— Ну об этом вы, мне кажется, представления иметь не можете.
— А вы можете?
— Я могу, — сказала она твердо. — Бывают вещи значительно хуже смерти. Значительно.
— Это все гуманитарные прибамбасы, — отмахнулся Трубников. — Тыр-пыр, восемь дыр. А я рассуждаю, как врач, — и для меня живой пациент всегда лучше мертвого. Даже если я ничего не мог сделать — все равно.
— Как вы сказали? — снова насторожилась она.
— Я говорю, если даже я ничего не мог сделать…
— Да нет! — она отмахнулась. — Вот сейчас, только что, про тыр-пыр…
Черт возьми, подумал Трубников, до чего приставучи все эти идиомы, словечки-паразиты, по которым нас можно будет узнать и после конца времен! Собственно, моя речь из них и состоит. Частицы и междометия. А что еще может сказать человек, имея мой опыт? Нет человеческих слов для такого опыта, при встречах только по глазам друг друга и узнаем… Иногда в городе встречаю наших — сразу раскусываю; подошел бы, поздоровался, но этикет, сами понимаете, этикет… Может сойти, а могут лишить отпуска, и хорош я буду.

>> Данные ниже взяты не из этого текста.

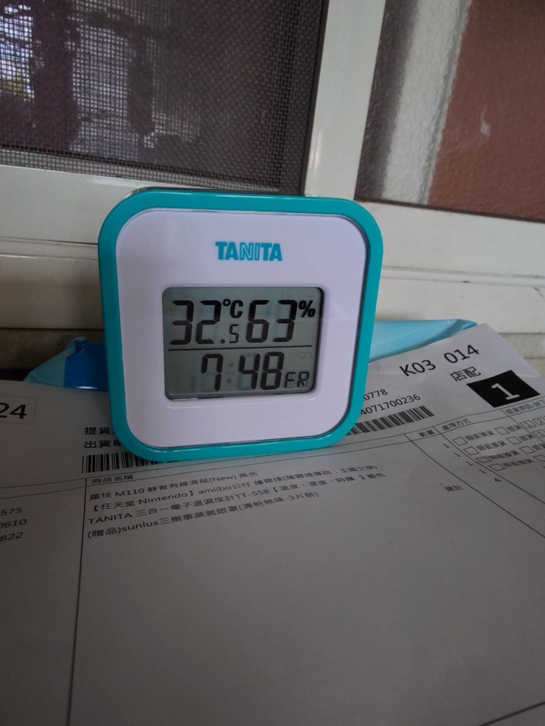 從昨天7/18,到今天7/19早上的溫度,DC電扇是一直開著的7/18晚上的溫度7/19早上的溫度有懷疑是不是壞了,拿出房間測量,剛買的應該沒那麼快壞吧?-----------------------------------大概從10年前就開始不開冷氣,有需要只開電扇睡覺已經習慣了,半夜也不會被熱醒-----------------------------------房間的冷氣型號應該是newve as-201a剛才有稍微搜尋了一下,已經找不到資料;至少20年有了,插頭已經拔掉,以免吃電。PS:中午又去查了一下,查到了,冷氣廠牌是稜威福(newave)以上供參考
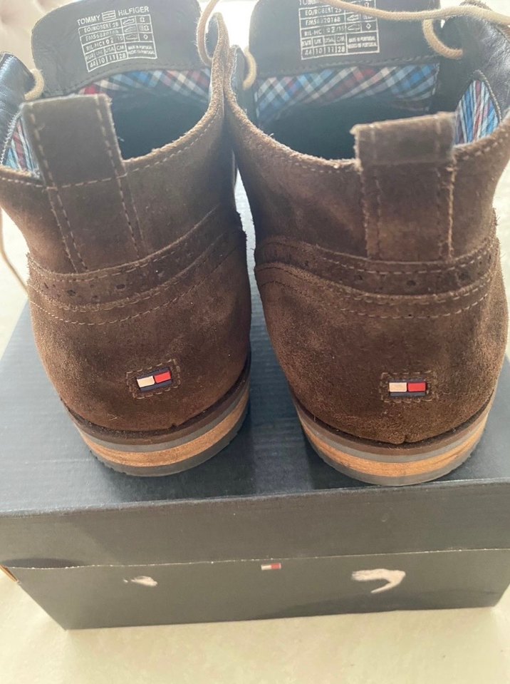 Tommy Hilfiger, Robert 2B Suede / Desert Boot, Kahverengi (Brown), %100 Hakiki Süet. Tommy Hilfiger'ın en çok tercih edilen kahverengi süet desert bot modelidir. Şık ve zamansız tasarımıyla her türlü günlük ve yarı-resmi kombine uyum sağlar. Topuk kısmında Tommy Hilfiger şerit detayları ve logosu mevcuttur. Orijinal kutusu ile birlikte gönderilecektir. "Kondisyonu çok iyidir, az kullanılmıştır.”

— Про тыр-пыр, — терпеливо пояснил он, — это такая пословица. Основана на том, что у человека восемь дыр. Ну не у всякого, у женского человека…
— Вы что, и уши считаете? — в ужасе спросила она.
— Это не я, это народ. А вы, что же, за эвтаназию?
— Да, — сказала она решительно. — То есть я могу понять человека, который этого требует. И больше вам скажу — лично для себя я хотела бы эвтаназии.
— Но вы ничем не больны, — сразу насторожившись, сказал так называемый Трубников.
— Нет, я имею в виду — на случай чего-нибудь неизлечимого, — сказала она. — И потом, честно вам скажу, если бы меня сейчас кто-нибудь убил… черт знает, зачем я к вам со всем этим… ну, я не обрадовалась бы, конечно, но и сопротивляться бы особо не стала.
— Это у вас профессия такая, — мягко сказал Трубников. — Слишком много видите жестокости, ну и… Адвокат вообще, мне кажется, не женская работа. Все лучше смерти, Вера. Честное слово.
…Они еще поговорили минут сорок — странно, она не спешила переодеваться и укладываться, хотя он несколько раз порывался выйти из купе.
— Подождите, останьтесь.
— Но мы уже через шесть часов приедем…
— Ничего, я мало сплю. А вот скажите, пожалуйста…
— Что?
— Нет, ничего. Так, вырвалось. Я у вас хочу ужасную глупость спросить.
— Спрашивайте, — пожал плечами так называемый Трубников, а сам насторожился.
— Нет, не буду. Ерунда, нервы надо лечить. Правильно я говорю? Надо мне лечить нервы?
— По первому знакомству не скажешь, — сказал Трубников и прокололся уже непоправимо, — все люди хорошие, когда спят зубами к стенке…
Она даже вскочила:
— Как вы сказали?
— Это выражение, — опустил он глаза. — Что вы, простых вещей не знаете?
— Ничего я не знаю, — сказала она, — ничего… Ну ладно, выйдите, я переоденусь.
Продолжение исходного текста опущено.